== Data extract ==
((

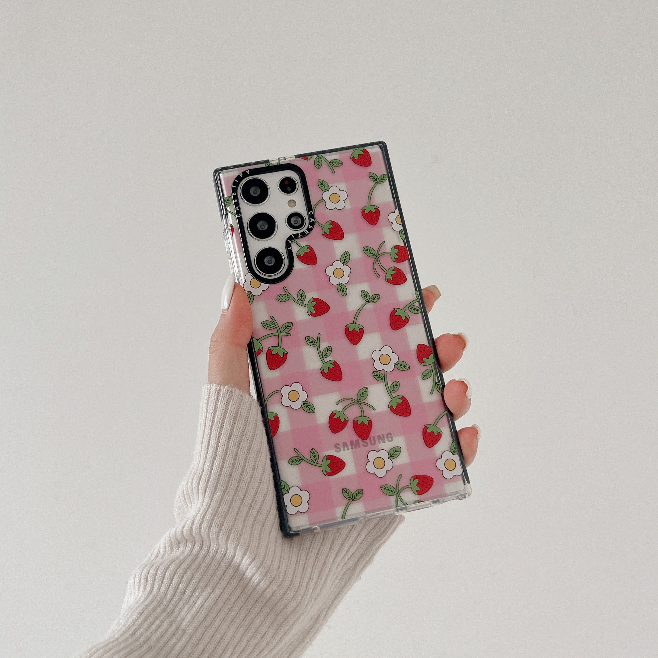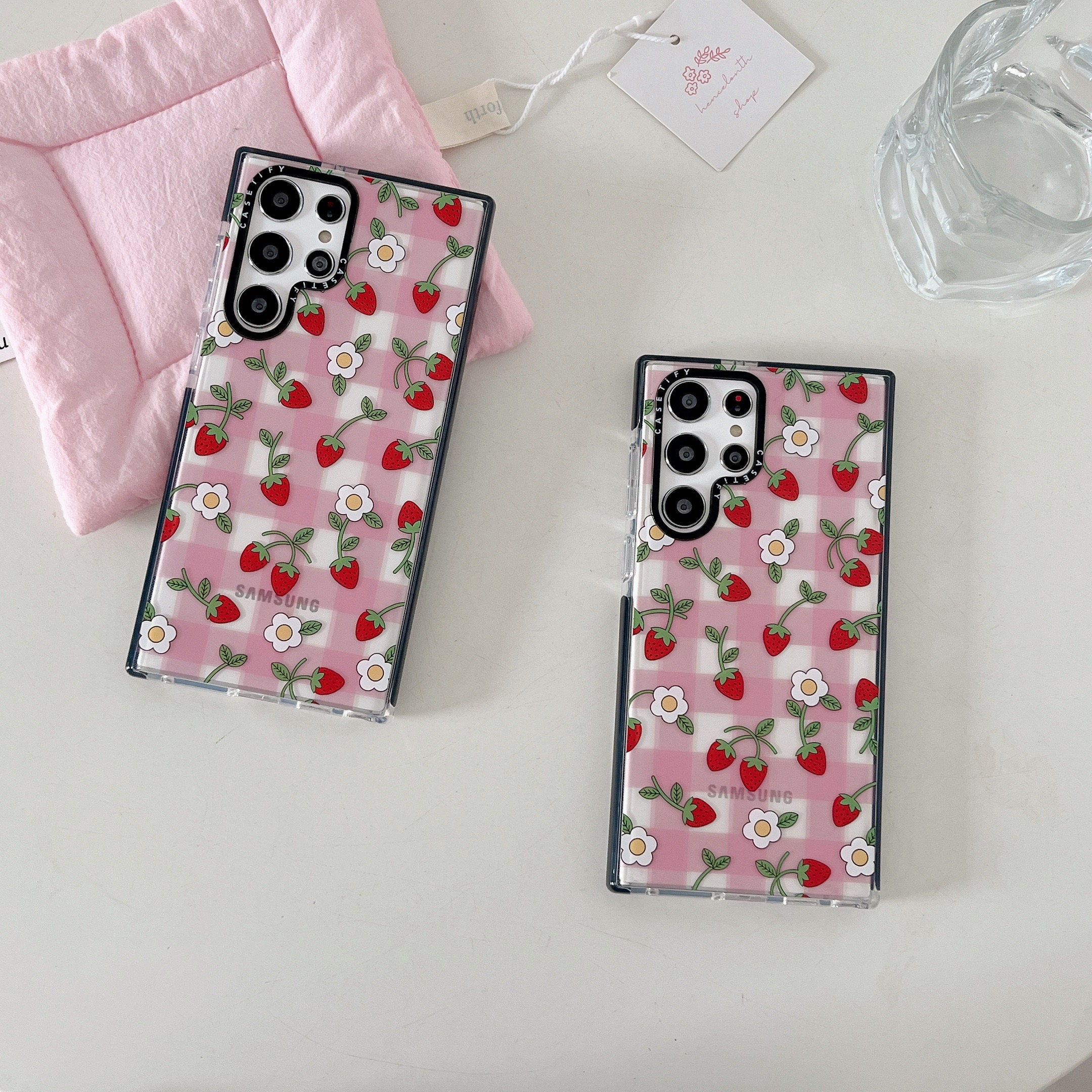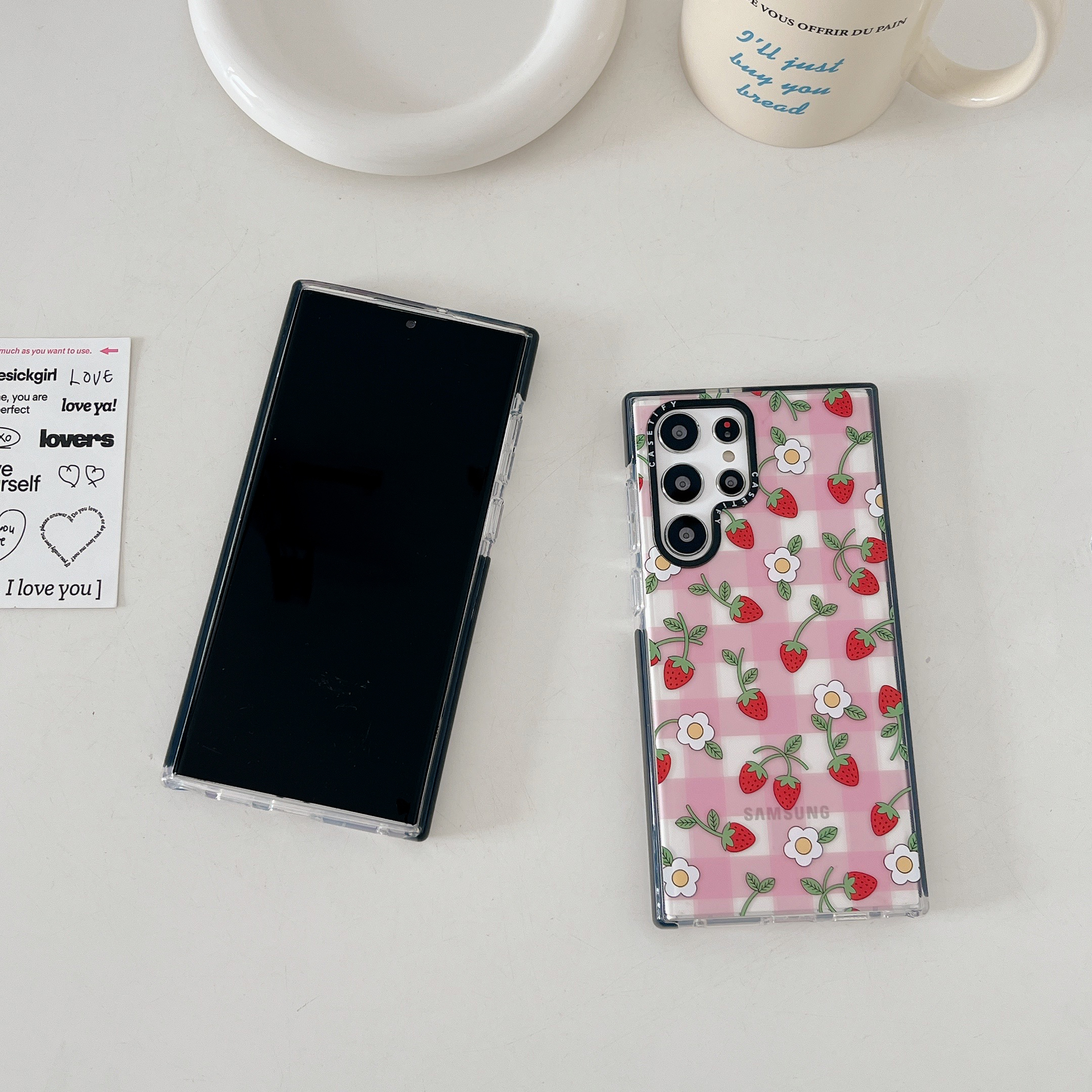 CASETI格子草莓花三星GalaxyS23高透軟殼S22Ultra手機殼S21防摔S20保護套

))
((

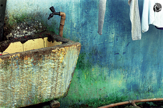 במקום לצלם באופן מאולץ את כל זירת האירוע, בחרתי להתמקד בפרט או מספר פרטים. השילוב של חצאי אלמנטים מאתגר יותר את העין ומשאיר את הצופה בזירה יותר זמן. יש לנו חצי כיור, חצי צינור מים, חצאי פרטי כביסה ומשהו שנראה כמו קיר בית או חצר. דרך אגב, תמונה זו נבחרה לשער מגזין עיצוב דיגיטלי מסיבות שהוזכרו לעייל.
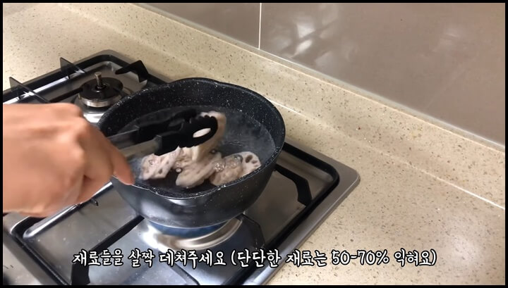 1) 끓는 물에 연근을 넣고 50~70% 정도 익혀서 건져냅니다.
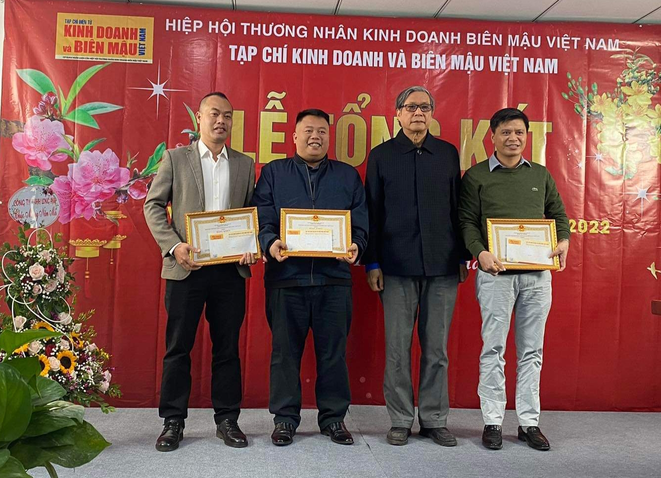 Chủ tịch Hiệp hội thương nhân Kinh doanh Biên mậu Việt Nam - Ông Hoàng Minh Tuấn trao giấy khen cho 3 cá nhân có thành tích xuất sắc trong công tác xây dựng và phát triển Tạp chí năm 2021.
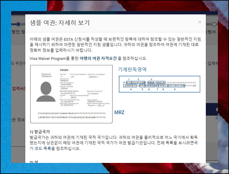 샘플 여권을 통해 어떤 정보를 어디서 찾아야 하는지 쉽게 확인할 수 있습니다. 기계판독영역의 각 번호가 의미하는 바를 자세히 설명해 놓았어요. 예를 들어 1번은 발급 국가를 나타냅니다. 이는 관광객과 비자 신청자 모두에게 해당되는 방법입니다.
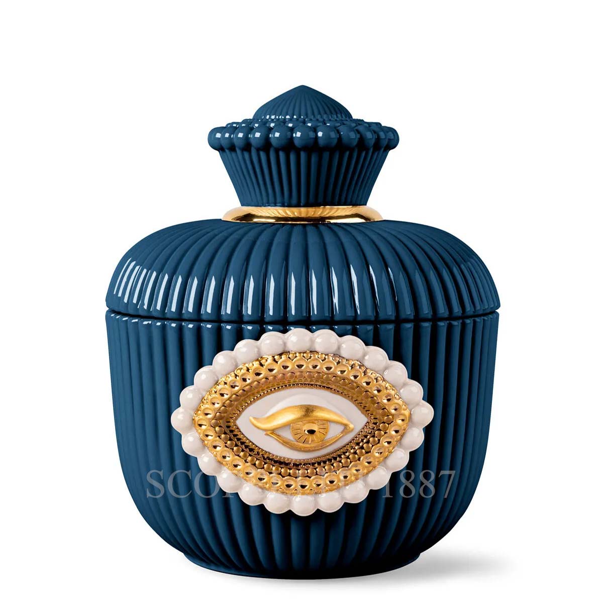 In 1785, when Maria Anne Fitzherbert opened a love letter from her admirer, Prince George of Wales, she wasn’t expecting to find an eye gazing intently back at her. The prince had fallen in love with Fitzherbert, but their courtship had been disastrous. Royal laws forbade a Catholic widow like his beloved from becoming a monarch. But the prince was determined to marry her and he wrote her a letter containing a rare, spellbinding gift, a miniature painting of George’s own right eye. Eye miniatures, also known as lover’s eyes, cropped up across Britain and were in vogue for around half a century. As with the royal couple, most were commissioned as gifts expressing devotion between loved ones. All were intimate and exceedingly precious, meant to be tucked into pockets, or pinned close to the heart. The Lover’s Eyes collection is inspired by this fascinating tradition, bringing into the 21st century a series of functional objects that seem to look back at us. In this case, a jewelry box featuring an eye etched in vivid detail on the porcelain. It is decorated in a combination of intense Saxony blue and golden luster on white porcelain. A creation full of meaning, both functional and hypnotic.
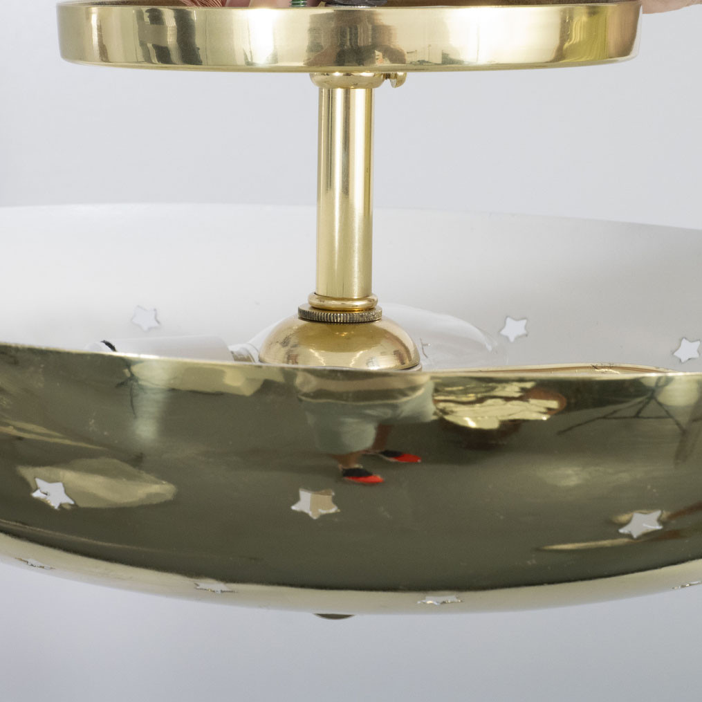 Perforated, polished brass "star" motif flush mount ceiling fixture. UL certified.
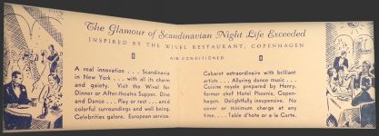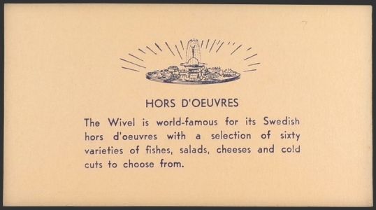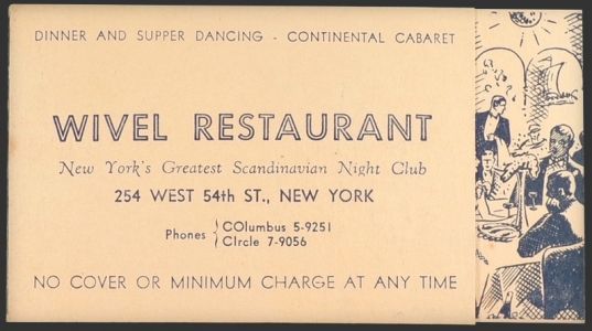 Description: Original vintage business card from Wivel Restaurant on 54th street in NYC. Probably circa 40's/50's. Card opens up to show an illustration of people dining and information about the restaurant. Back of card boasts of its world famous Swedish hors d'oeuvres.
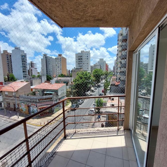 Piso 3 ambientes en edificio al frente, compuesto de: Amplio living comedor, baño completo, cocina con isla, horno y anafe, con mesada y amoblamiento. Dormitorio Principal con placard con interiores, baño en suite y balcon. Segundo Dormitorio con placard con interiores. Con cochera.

))

== Activity ==
Using the entries above, repeat exactly the lines from the one with "1) 끓는 물에 연근을 넣고 50~70% 정도 익혀서 건져냅니다." to the one with "샘플 여권을 통해 어떤", both included, and leave the pictures behind.

== Solved exercise ==
 1) 끓는 물에 연근을 넣고 50~70% 정도 익혀서 건져냅니다.
 Chủ tịch Hiệp hội thương nhân Kinh doanh Biên mậu Việt Nam - Ông Hoàng Minh Tuấn trao giấy khen cho 3 cá nhân có thành tích xuất sắc trong công tác xây dựng và phát triển Tạp chí năm 2021.
 샘플 여권을 통해 어떤 정보를 어디서 찾아야 하는지 쉽게 확인할 수 있습니다. 기계판독영역의 각 번호가 의미하는 바를 자세히 설명해 놓았어요. 예를 들어 1번은 발급 국가를 나타냅니다. 이는 관광객과 비자 신청자 모두에게 해당되는 방법입니다.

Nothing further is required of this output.